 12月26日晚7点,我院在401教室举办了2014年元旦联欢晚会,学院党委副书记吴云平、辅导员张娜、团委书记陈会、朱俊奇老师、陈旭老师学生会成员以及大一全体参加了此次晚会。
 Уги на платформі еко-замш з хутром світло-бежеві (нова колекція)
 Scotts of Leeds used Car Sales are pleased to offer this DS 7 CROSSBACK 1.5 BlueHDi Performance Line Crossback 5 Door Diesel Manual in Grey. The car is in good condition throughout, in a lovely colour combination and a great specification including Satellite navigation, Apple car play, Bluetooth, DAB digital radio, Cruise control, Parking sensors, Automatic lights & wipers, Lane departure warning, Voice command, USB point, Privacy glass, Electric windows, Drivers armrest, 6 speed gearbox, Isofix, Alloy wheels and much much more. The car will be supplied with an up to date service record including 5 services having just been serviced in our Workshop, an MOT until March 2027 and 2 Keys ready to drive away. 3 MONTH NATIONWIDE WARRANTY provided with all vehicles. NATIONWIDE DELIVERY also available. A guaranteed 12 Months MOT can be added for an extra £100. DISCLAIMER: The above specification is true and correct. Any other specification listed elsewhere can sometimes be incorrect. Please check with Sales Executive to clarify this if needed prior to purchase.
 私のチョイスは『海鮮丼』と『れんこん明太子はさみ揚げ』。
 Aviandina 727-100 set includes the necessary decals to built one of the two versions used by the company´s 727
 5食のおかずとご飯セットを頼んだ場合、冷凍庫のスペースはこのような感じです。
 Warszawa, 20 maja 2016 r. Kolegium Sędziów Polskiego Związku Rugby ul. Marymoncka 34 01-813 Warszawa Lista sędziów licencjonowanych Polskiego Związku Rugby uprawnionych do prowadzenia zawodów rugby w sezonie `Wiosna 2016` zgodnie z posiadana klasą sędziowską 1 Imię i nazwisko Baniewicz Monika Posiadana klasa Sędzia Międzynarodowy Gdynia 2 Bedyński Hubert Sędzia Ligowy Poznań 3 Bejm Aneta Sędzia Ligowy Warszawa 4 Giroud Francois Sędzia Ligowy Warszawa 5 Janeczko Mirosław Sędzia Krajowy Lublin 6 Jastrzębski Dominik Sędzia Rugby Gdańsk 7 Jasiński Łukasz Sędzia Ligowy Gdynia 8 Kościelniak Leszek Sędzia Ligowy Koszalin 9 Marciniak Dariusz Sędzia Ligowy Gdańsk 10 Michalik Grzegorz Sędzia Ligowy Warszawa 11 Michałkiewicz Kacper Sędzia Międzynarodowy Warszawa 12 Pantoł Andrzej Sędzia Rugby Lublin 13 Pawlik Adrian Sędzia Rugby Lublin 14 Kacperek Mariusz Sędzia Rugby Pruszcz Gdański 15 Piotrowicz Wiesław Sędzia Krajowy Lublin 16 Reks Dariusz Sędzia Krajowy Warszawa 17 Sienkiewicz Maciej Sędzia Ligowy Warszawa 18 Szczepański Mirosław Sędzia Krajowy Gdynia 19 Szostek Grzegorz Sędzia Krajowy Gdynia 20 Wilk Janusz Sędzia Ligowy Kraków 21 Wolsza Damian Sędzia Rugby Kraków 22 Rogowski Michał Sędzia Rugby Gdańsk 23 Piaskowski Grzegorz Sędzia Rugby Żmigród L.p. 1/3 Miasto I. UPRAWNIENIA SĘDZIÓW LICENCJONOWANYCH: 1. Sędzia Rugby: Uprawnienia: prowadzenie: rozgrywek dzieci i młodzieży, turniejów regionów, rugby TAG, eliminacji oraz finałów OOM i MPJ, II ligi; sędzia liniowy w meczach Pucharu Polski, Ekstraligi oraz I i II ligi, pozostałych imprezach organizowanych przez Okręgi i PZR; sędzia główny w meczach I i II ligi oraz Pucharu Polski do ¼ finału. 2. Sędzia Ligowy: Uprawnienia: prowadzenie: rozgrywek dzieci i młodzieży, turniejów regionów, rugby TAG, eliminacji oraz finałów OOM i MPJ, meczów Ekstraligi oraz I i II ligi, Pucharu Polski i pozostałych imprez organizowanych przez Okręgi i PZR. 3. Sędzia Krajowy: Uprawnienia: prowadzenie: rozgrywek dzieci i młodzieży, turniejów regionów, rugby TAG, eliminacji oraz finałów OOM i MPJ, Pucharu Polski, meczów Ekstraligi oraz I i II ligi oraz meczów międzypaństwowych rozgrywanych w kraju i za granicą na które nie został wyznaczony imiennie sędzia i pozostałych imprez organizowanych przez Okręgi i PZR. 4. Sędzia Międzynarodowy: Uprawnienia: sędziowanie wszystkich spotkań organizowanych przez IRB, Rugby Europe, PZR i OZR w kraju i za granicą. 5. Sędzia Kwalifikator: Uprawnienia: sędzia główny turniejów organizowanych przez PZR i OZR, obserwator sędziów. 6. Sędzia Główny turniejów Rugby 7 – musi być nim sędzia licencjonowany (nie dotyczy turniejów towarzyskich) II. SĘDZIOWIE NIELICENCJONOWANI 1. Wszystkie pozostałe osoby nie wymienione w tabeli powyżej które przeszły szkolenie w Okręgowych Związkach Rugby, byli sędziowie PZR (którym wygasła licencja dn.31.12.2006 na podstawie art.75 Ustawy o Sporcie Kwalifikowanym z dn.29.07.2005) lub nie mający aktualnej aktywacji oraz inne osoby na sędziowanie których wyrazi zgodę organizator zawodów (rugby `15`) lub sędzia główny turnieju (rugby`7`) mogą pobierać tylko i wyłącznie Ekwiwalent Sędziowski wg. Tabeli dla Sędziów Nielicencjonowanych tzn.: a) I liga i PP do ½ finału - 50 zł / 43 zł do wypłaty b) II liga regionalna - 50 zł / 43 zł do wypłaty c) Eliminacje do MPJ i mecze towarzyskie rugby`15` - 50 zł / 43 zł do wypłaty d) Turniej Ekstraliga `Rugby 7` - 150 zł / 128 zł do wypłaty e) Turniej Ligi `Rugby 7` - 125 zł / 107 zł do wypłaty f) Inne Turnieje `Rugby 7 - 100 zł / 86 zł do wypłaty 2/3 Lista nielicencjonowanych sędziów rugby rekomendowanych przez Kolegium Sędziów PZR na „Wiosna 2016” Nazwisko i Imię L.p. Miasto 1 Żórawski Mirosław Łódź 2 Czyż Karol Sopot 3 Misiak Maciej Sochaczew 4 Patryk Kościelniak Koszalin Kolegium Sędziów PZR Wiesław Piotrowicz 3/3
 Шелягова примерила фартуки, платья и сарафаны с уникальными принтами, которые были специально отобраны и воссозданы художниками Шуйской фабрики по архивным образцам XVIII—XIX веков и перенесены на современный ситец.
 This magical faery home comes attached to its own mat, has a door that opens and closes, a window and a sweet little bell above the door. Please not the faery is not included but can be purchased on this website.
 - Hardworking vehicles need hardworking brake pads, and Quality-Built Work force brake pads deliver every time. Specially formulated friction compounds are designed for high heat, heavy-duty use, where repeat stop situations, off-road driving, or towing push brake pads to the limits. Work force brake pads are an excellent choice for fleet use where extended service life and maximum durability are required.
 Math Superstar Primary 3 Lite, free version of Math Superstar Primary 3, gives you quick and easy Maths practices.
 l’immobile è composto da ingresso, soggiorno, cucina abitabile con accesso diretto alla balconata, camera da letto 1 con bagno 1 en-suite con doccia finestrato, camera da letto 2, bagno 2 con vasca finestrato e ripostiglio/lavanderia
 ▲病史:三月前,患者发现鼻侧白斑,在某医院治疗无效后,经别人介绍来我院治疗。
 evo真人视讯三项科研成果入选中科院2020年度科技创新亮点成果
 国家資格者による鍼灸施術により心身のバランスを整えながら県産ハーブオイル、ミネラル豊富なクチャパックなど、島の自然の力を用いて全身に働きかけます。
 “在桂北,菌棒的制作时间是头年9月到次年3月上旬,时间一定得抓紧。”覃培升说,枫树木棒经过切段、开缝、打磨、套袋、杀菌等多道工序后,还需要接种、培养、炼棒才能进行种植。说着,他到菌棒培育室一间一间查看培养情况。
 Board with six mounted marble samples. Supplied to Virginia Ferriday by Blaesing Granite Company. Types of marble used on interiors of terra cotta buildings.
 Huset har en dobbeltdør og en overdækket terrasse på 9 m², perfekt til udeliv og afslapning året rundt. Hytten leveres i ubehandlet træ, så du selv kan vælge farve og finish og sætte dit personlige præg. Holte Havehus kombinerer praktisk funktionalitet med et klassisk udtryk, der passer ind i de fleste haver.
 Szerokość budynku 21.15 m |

:::

### Exercise aim
Of all the entries above, output exactly the lines between the one holding "Math Superstar Primary 3 Lite, free" and the one holding "Board with six", inclusive.

### Written solution
 Math Superstar Primary 3 Lite, free version of Math Superstar Primary 3, gives you quick and easy Maths practices.
 l’immobile è composto da ingresso, soggiorno, cucina abitabile con accesso diretto alla balconata, camera da letto 1 con bagno 1 en-suite con doccia finestrato, camera da letto 2, bagno 2 con vasca finestrato e ripostiglio/lavanderia
 ▲病史:三月前,患者发现鼻侧白斑,在某医院治疗无效后,经别人介绍来我院治疗。
 evo真人视讯三项科研成果入选中科院2020年度科技创新亮点成果
 国家資格者による鍼灸施術により心身のバランスを整えながら県産ハーブオイル、ミネラル豊富なクチャパックなど、島の自然の力を用いて全身に働きかけます。
 “在桂北,菌棒的制作时间是头年9月到次年3月上旬,时间一定得抓紧。”覃培升说,枫树木棒经过切段、开缝、打磨、套袋、杀菌等多道工序后,还需要接种、培养、炼棒才能进行种植。说着,他到菌棒培育室一间一间查看培养情况。
 Board with six mounted marble samples. Supplied to Virginia Ferriday by Blaesing Granite Company. Types of marble used on interiors of terra cotta buildings.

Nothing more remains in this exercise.